Dieu se soucie-t-il de nous ? Comment fait-il pour nous aimer encore alors que nous détruisons tout ce qu’il a construit ?

Par : pasteur Marc Pernot

Un homme admiratif devant un lever de soleil sur une mer de nuages - Photo by Nghia Le on https://unsplash.com/photos/V3DokM1NQcs

On va se retrousser les manches, se serrer les coudes, et ça va le faire ! J’espère.

Question d’un visiteur :

Bonjour,

J’ai beaucoup de questions qui me travaillent ces derniers temps..

Dieu se soucie-t-i vraiment de nous? Quand nous prions, ou chantons en son nom? Notre Dieu créateur du ciel et de la terre n’est-il pas occupé à créer la vie ailleurs?

Malgré son amour infini envers nous, comment fait-il pour nous aimer encore alors que nous détruisons tout ce qu’il a construit? La polution, la surpêche, les millions d’animaux surexploités pour être ensuite tués et mangés, toutes ces forêts que l’on détruit etc.. Dieu doit être tellement attristé de voir tout cela.. Je ressens un décalage entre notre religion et notre société moderne qui ne respecte pas notre planète et la vie sur terre.
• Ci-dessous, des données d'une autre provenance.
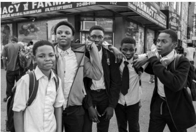
03_
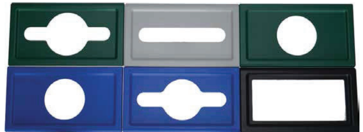
Variety of lid openings & stamping options
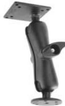
RAM-D-101-ID1U RAM MOUNT WITH 1-3.68 BASE & VESA BASE
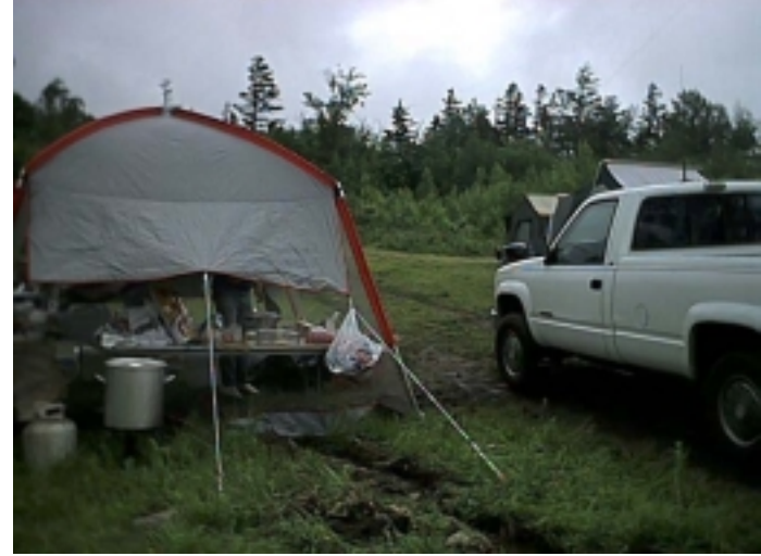
"The Swamp" - a.k.a. the kitchen - look close and you can see the ditch John (KB1ENS) had to dig to drain the swamp (pun intended!)

Tout cela m’égare petit à petit de Dieu..

Je vous remercie d’avoir pris le temps de me lire.

Cordialement,

Réponse d’un pasteur :

Bonjour

J’ai beaucoup de questions qui me travaillent ces derniers temps.

  • Bravo ! C’est avec des questions que l’on avance, que l’on approfondit, que l’on s’élève et que l’on est élevé par Dieu.

Dieu se soucie-t-i vraiment de nous?

  • Oui, vraiment. D’abord parce que, comme n’importe quel père ou mère le ferait, il veille sur son enfant chéri, cherchant à lui apporter le meilleur possible.
  • « Se soucier » est vraiment la meilleure expression possible, je pense. C’est à dire qu’il aime et espère pour nous, qu’il fait attention et en même temps qu’il ne pilote pas tout. C’est aussi ce qui nous est proposé pour notre prochain, se soucier de lui.
  • Quand nous pensons à Dieu, espérons croire en lui, nous posant des questions sur lui (comme vous le faites), méditons simplement ce que nous pensons lui devoir… nous l’aidons à nous apporter les meilleurs soins possibles. C’est la base du métier de créateur que de rendre en compte ce que l’on va toucher. Dieu nous écoute, comme une amoureuse reçoit, après l’avoir longtemps attendu, un coup de fil de son amoureux. Rien de moins. Dieu tient compte de ce que nous sommes à l’intérieur, pour ce qu’il va espérer pour nous.

Notre Dieu créateur du ciel et de la terre n’est-il pas occupé à créer la vie ailleurs?

  • Si. Aussi. Mais nous en faisons partie.
  • Ce qui compte pour lui ce n’est pas tant « l’ensemble » que chaque membre de l’ensemble. C’est assez naturel même pour nous, humains, à notre niveau. Je me souviens d’une dame âgée venant pour préparer les obsèques de son mari, quand je lui ai demandé combien d’enfants ils avaient, elle m’a répondu qu’ils en avaient trois, dont un était mort avant sa naissance. 70 ans après, cet enfant comptait encore pour elle, et les deux autre ne l’avaient pas fait oublier celui ci. Comment Dieu oublierait-il un de ses enfants ? Même les cheveux de notre têtes comptent pour Dieu.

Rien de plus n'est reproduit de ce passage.